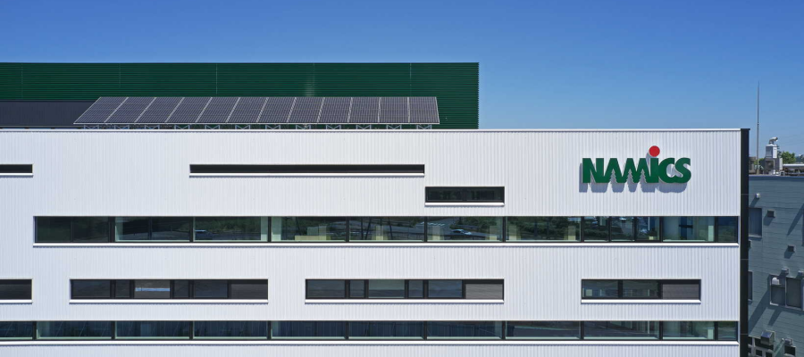 ナミックスは、新潟市北区・濁川の本社・工場エリアと研究開発拠点ナミックステクノコアを拠点に、研究開発に強みを持つ材料メーカーとして、生活に欠かせない電子機器の中核を支える材料を手がけています。
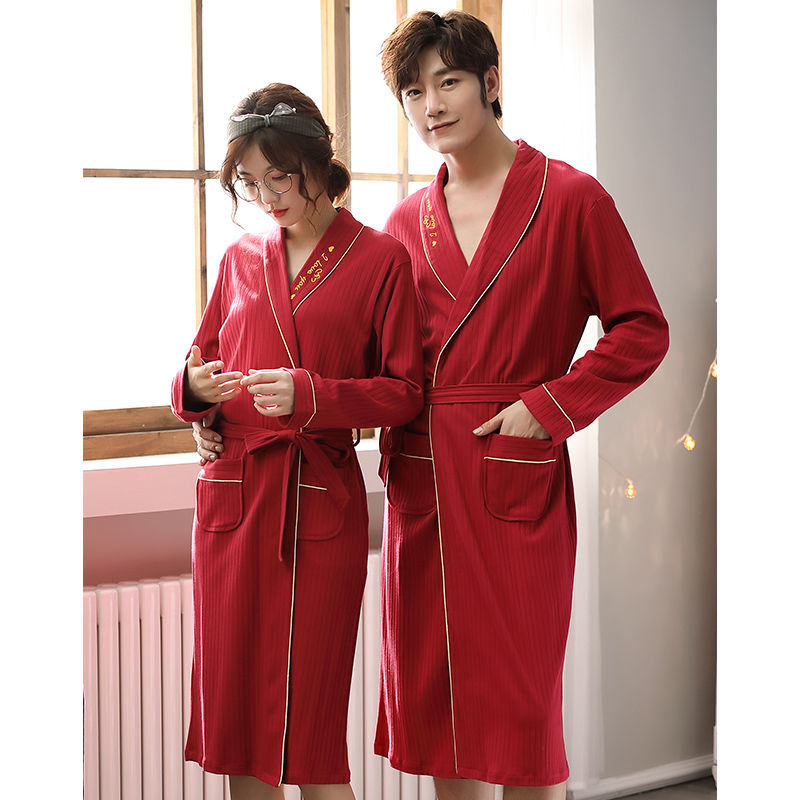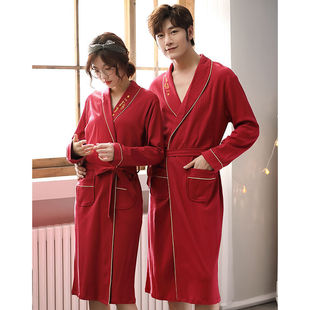 红豆情侣睡袍抗静电珊瑚绒长款 加厚法兰绒家居服浴袍男 睡衣女冬季
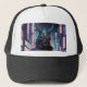 Den här intensiva bilden visar en hotfull demon samurai, med en futuristiska, en mörk och en mask med rött ögon och horn. I en nybelyst stadsmiljö inspirerad av cyberpunkestetik står tecknet mitt i många belysta tecken och symboler, vilket antyder ett starkt, högteknologiskt citysslande.
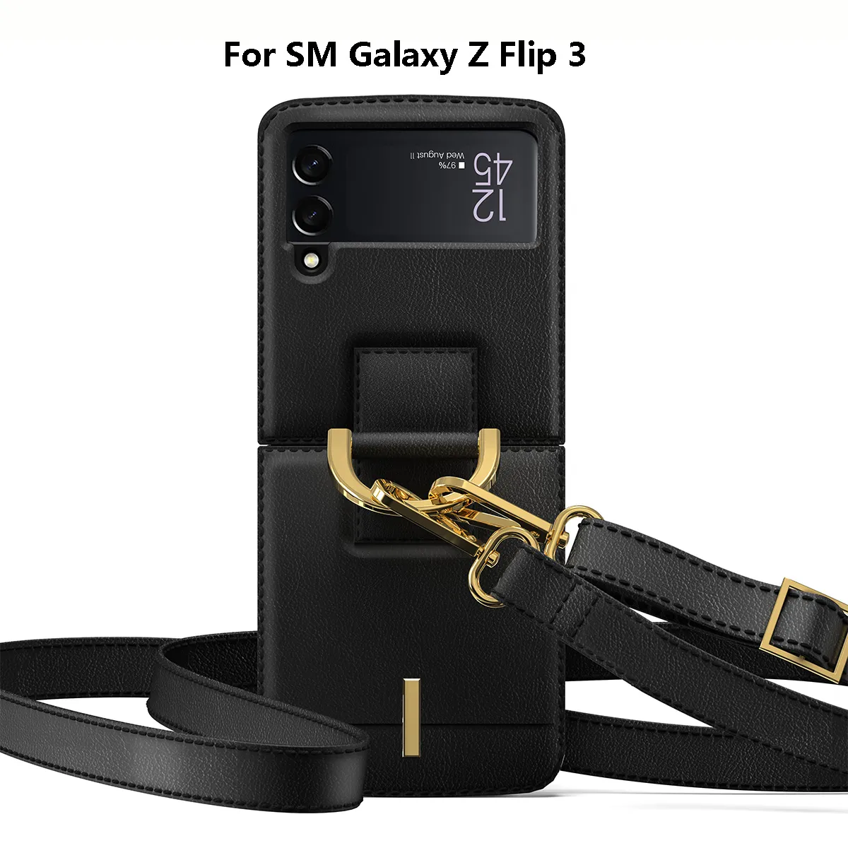Z Flip 3 Leather Case – Anti-Drop Ring Strap Flip Cover

####

● **ASSIGNED TASK**
Please write out every line of the listing above exactly, and leave the images behind.

● **OUTPUT FOR THIS TASK**
 ナミックスは、新潟市北区・濁川の本社・工場エリアと研究開発拠点ナミックステクノコアを拠点に、研究開発に強みを持つ材料メーカーとして、生活に欠かせない電子機器の中核を支える材料を手がけています。
 红豆情侣睡袍抗静电珊瑚绒长款 加厚法兰绒家居服浴袍男 睡衣女冬季
 Den här intensiva bilden visar en hotfull demon samurai, med en futuristiska, en mörk och en mask med rött ögon och horn. I en nybelyst stadsmiljö inspirerad av cyberpunkestetik står tecknet mitt i många belysta tecken och symboler, vilket antyder ett starkt, högteknologiskt citysslande.
Z Flip 3 Leather Case – Anti-Drop Ring Strap Flip Cover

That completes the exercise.